Data are mean (SD) or median [IQR], as appropriate. Abbreviations: ALT, alanine aminotransferase; AST, aspartate aminotransferase; BP, blood pressure; CRP, C-reactive protein; GFR, glomerular filtration rate; IL-6, interleukin-6; LDH, lactate dehydrogenase; MAP, mean arterial pressure; NLR, neutrophil-to-lymphocyte ratio; PaCO2, partial pressure of arterial carbon dioxide; PaO2/FiO2, ratio of partial pressure of arterial oxygen to fractional inspired oxygen; PLR, platelet-to-lymphocyte ratio.

sC5b-9 levels were available in 10 patients of the eculizumab group and in 3 patients in the control group.

¥ C5b-9 was available in 10 patients of the eculizumab group and in 4 patients in the control group.

†Thrombus formation was available in 8 patients of the eculizumab group and in 3 patients in the control group. For complement activity, ex vivo complement deposition and thrombus formation, Week 1 corresponds to 1–4 days post-CPAP, and Week 2 corresponds to 7–16 days post-CPAP. T-test or Wilcoxon Signed Rank *p<0.05, **p<0.01, ***p<0.001 vs baseline, ANCOVA test #p<0.05, ##p<0.01, ###p<0.001 vs controls.

Plasma sC5b-9 levels significantly decreased after the first eculizumab administration versus baseline, but mean values persistently exceeded normal range and fully normalised only at post-discharge recovery visits (Fig 2A). Serum-induced ex-vivo C5b-9 deposition and thrombus formation on HMEC-1 significantly and persistently decreased to normal range after eculizumab administration up to post-discharge recovery visits (Fig 2B and 2C).

Fig 2. Changes in sC5b-9 plasma levels and in ex vivo serum induced C5b-9 and thrombus formation on HMEC-1 lines in eculizumab-treated patients and “biochemical” controls.

Fig 2

SC5b-9 plasma levels (A), ex vivo serum induced C5b-9 (B) and thrombus formation on HMEC-1 lines (C) at baseline, at 1–4 days and 7–16 days of CPAP ventilator support and at post discharge recovery visit in eculizumab-treated patients (Black columns) and “biochemical” controls (diagonal stripes), respectively. Numbers under the columns describe the number of eculizumab—treated patients or controls evaluated at each time-point. Horizontal dashed lines are the upper and lower limit of normal range (mean±2SD) of each considered parameter. Abbreviations: CPAP, Continuous Positive Airway Pressure; Ecul, Eculizumab. Data are mean ± SD. One-way Anova test., *P<0.05, **P<0.01, ***P<0.001 versus baseline; ^^P<0.01 versus recovery; ###P<0.0001 versus “biochemical controls” at the same time-point.

Controlled study

Baseline characteristics were similar between eculizumab-treated patients and controls (Table 1), with the exception of lower platelet count and platelet-to-lymphocyte ratio, and more frequent use of renin-angiotensin system (RAS) blockers in controls. In the four “biochemical” controls baseline sC5b-9 plasma levels, ex-vivo serum-induced C5b-9 deposition and thrombus formation were similarly elevated as in eculizumab-treated patients (Fig 2A–2C).

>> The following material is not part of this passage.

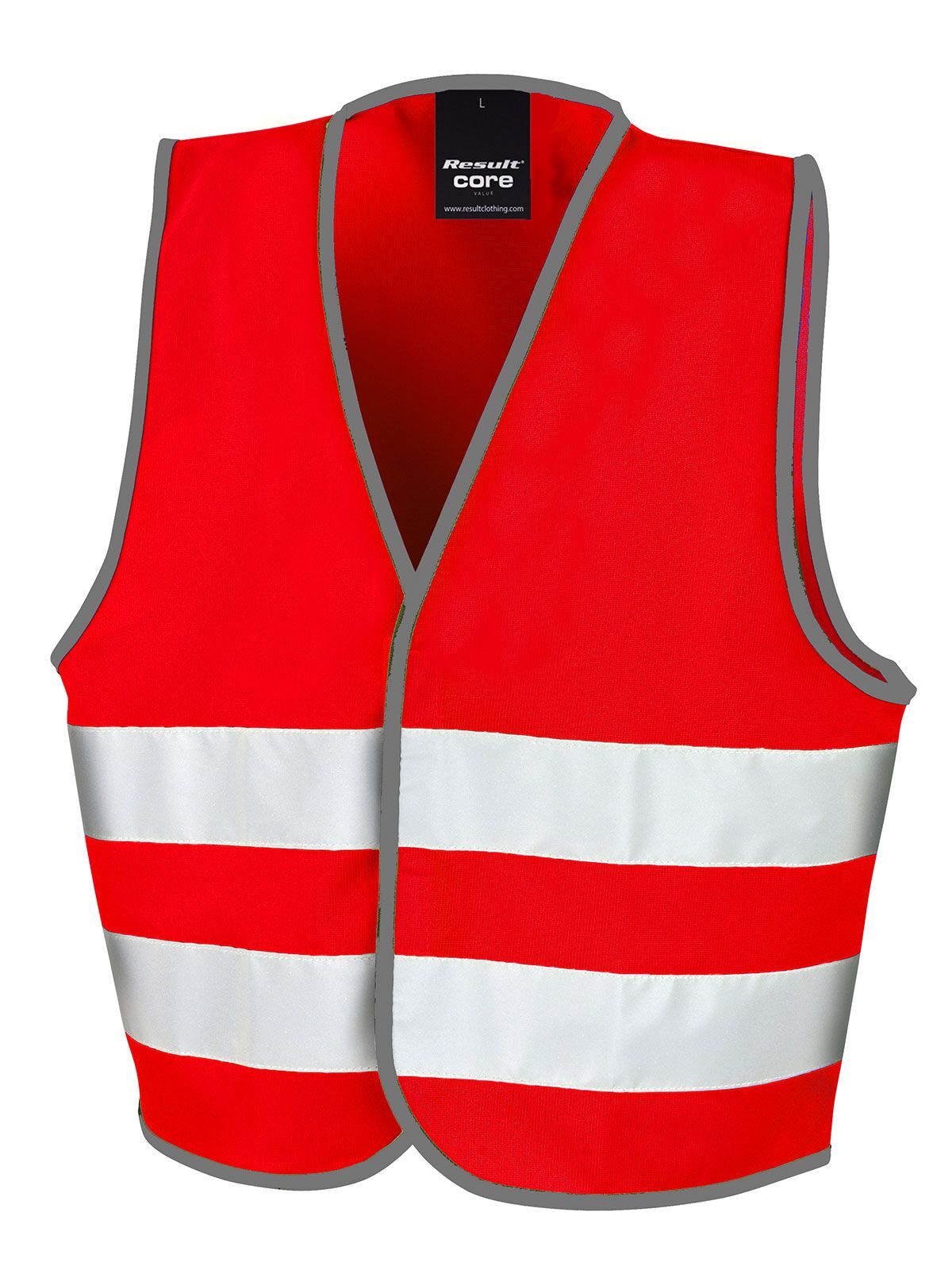 Gilet ad alta visibilita' per bambini, strisce di sicurezza cucite (50 mm), orli di colore grigio, chiusura a strappo

Respiratory rate did not change appreciably at one and two weeks of observation vs. baseline in controls, whereas arterial PaCO2 significantly increased at both time-points. No significant changes were observed in heart rate and arterial blood pressure. Changes in other considered parameters are shown in Table 2. Changes in respiratory rate, PaCO2, mean and diastolic blood pressure, and median CRP values at one and two weeks (Fig 3A–3D) versus baseline significantly differed between treatment groups (Table 2). Other changes are shown in Table 2.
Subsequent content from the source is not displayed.